| SUPPLIED DATA |
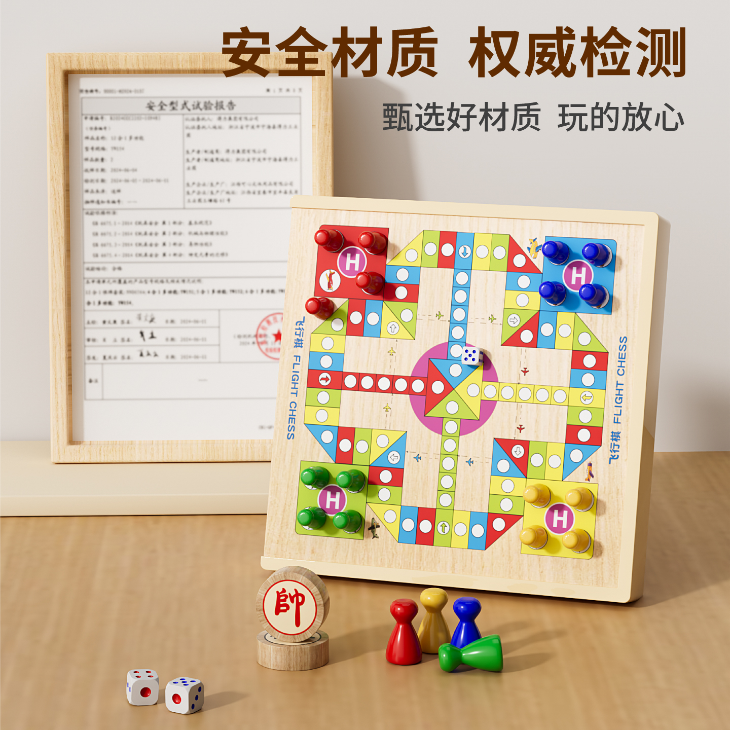 木质飞行棋多功能棋盘套装 多合一棋类益智玩具五子棋游戏生日礼物
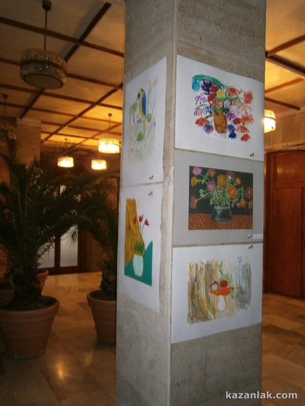 От началото на тази седмица в Община Казанлък започват по оптимистично работните дни. Още с влизането си си в сградата на Общината работници и посетители стават свидетели на детска изложба на картини. Тя е на деца от Школата по изобразително изкуство при НЧ „Възродена Искра 2000“.
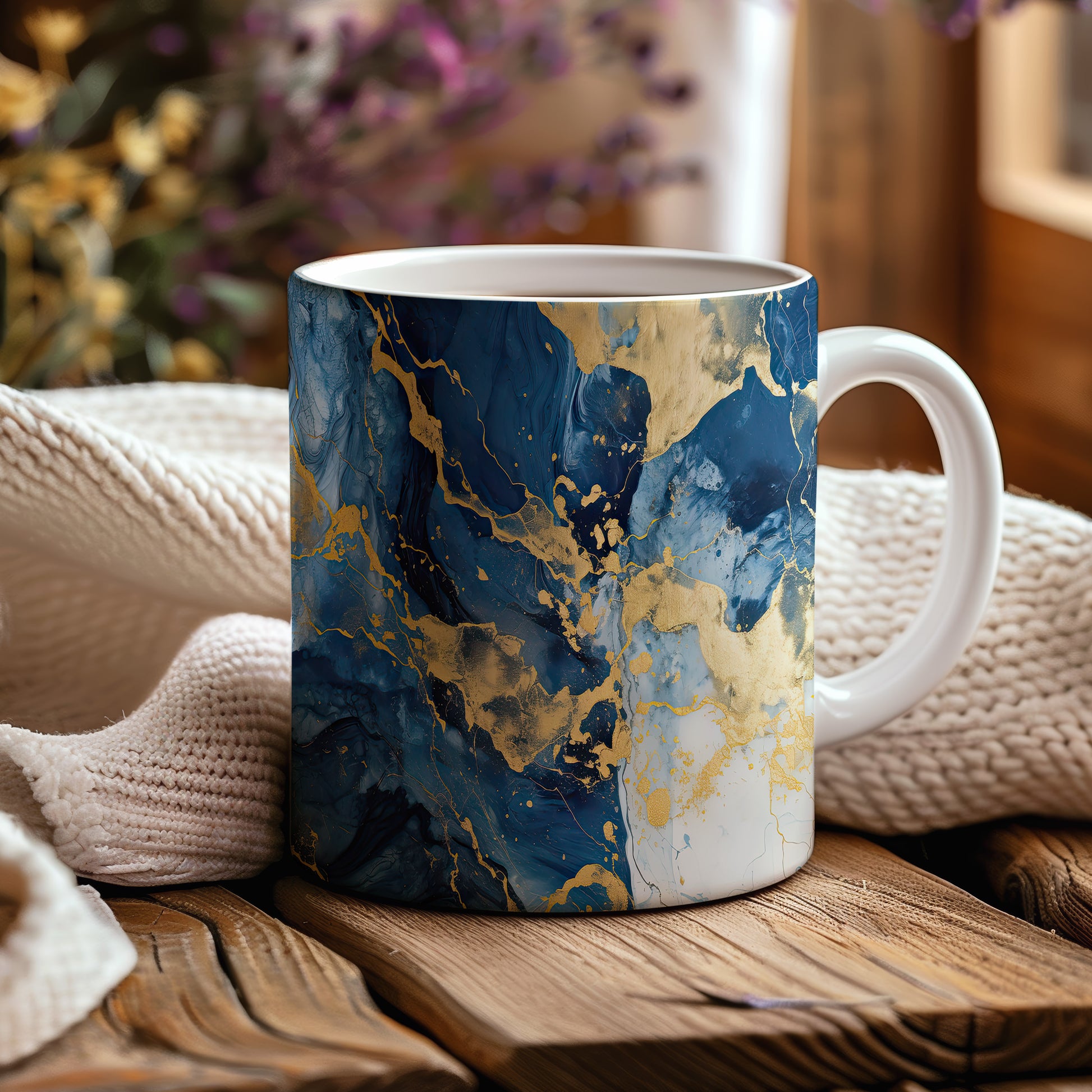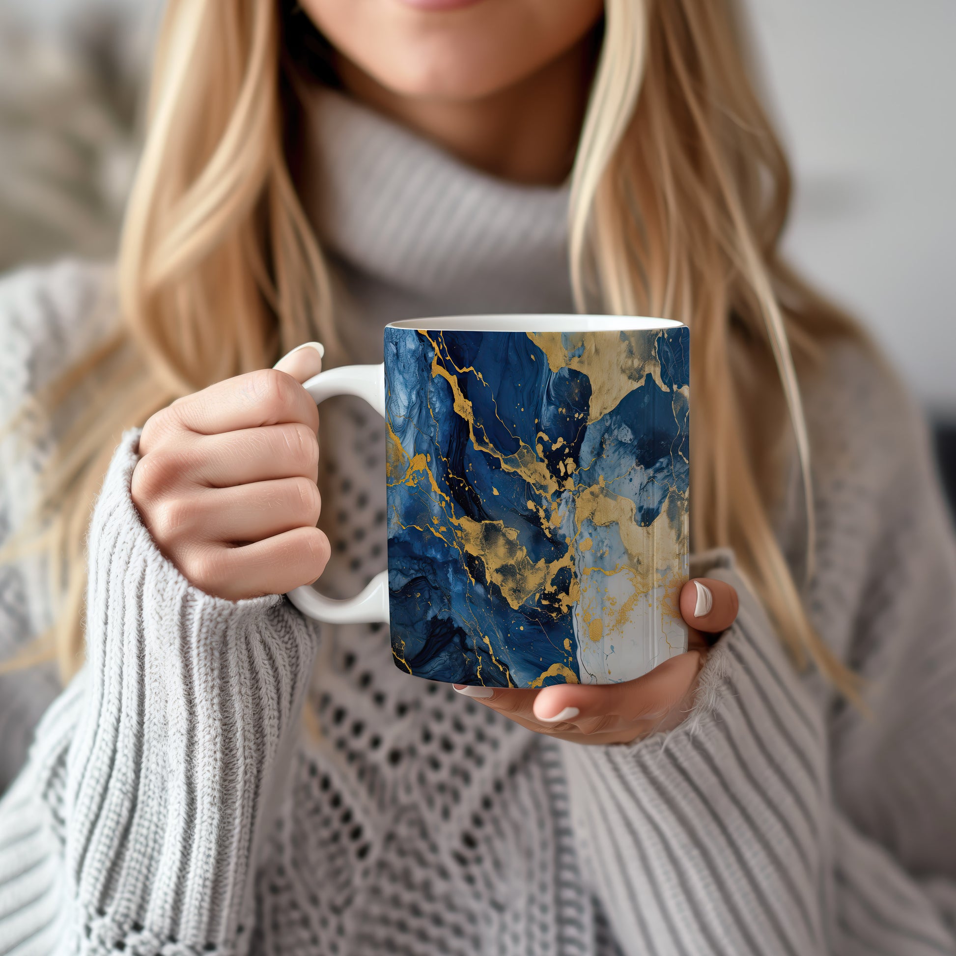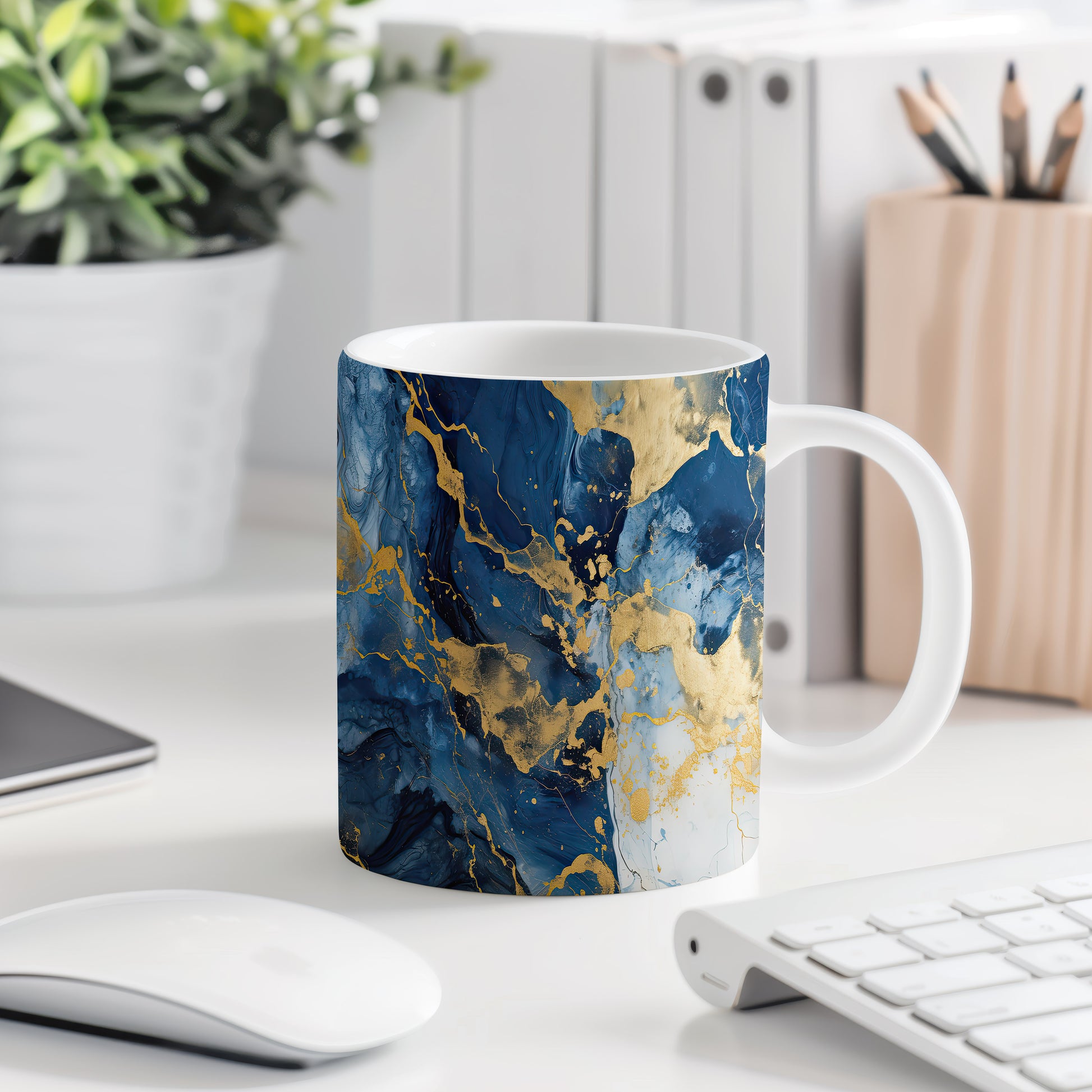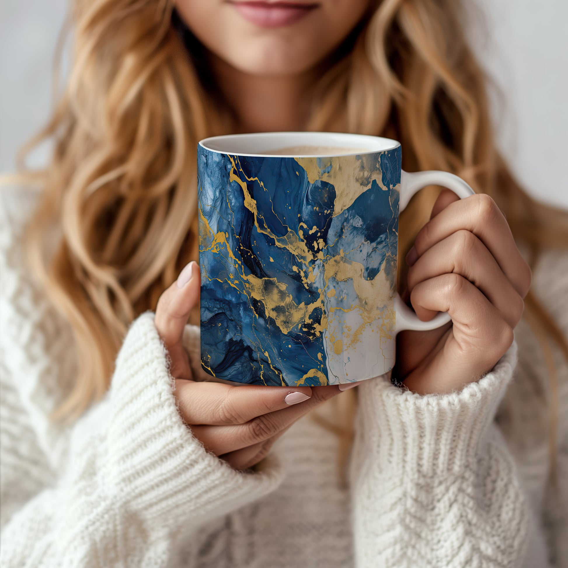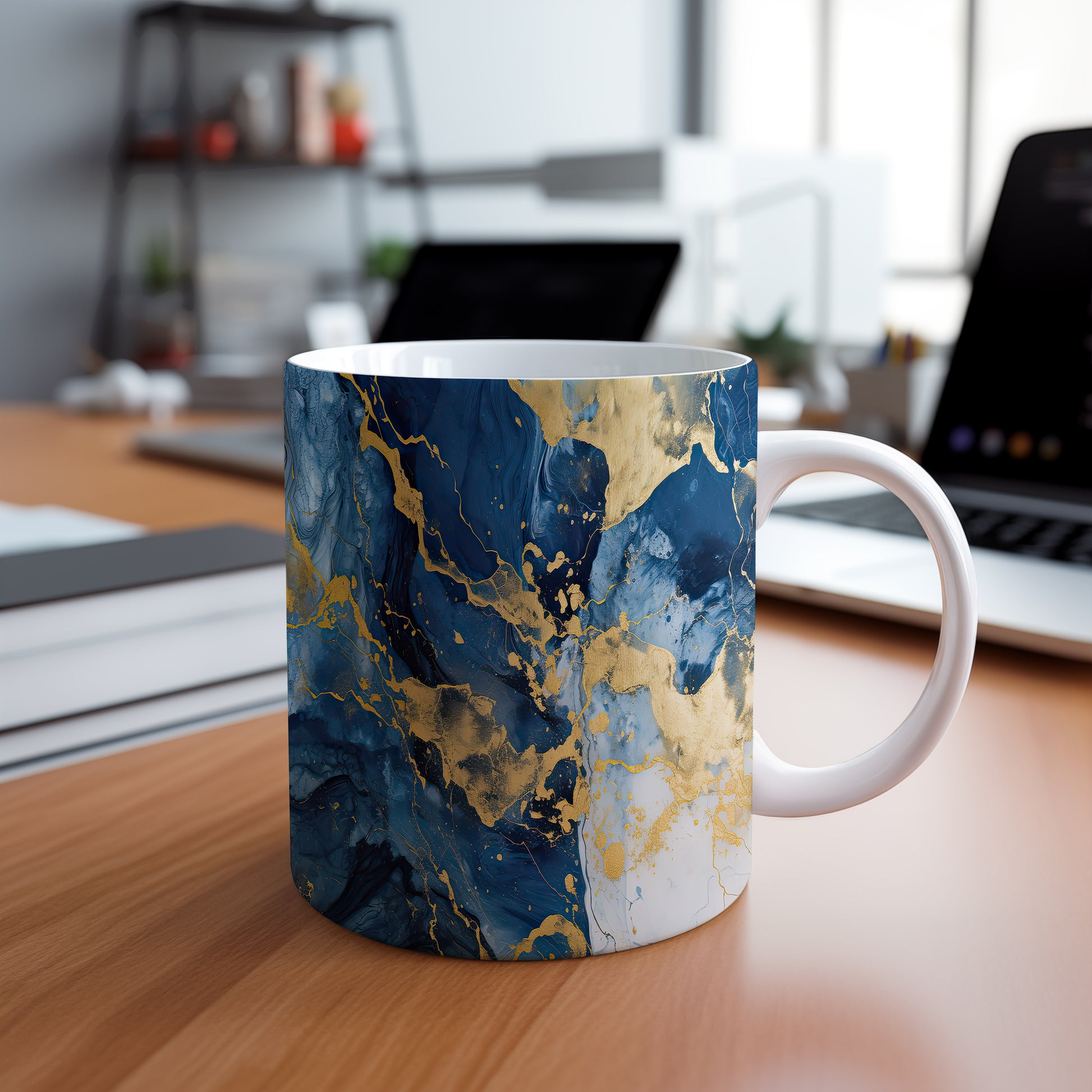 Hrnek s mramorováním v modré a zlaté přináší elegantní a moderní vzhled. Je ideální pro milovníky stylového nádobí a skvělým dárkem pro přátele či rodinu. Materiál: keramika. Objem: 330 ml. Vhodné do myčky i mikrovlnky. Díky svému designu dodá každému nápoji šmrnc a potěší oko.

| TASK DETAILS |
All of the data gets printed again exactly; the pictures do not.

| EXERCISE RESPONSE |
 木质飞行棋多功能棋盘套装 多合一棋类益智玩具五子棋游戏生日礼物
 От началото на тази седмица в Община Казанлък започват по оптимистично работните дни. Още с влизането си си в сградата на Общината работници и посетители стават свидетели на детска изложба на картини. Тя е на деца от Школата по изобразително изкуство при НЧ „Възродена Искра 2000“.
 Hrnek s mramorováním v modré a zlaté přináší elegantní a moderní vzhled. Je ideální pro milovníky stylového nádobí a skvělým dárkem pro přátele či rodinu. Materiál: keramika. Objem: 330 ml. Vhodné do myčky i mikrovlnky. Díky svému designu dodá každému nápoji šmrnc a potěší oko.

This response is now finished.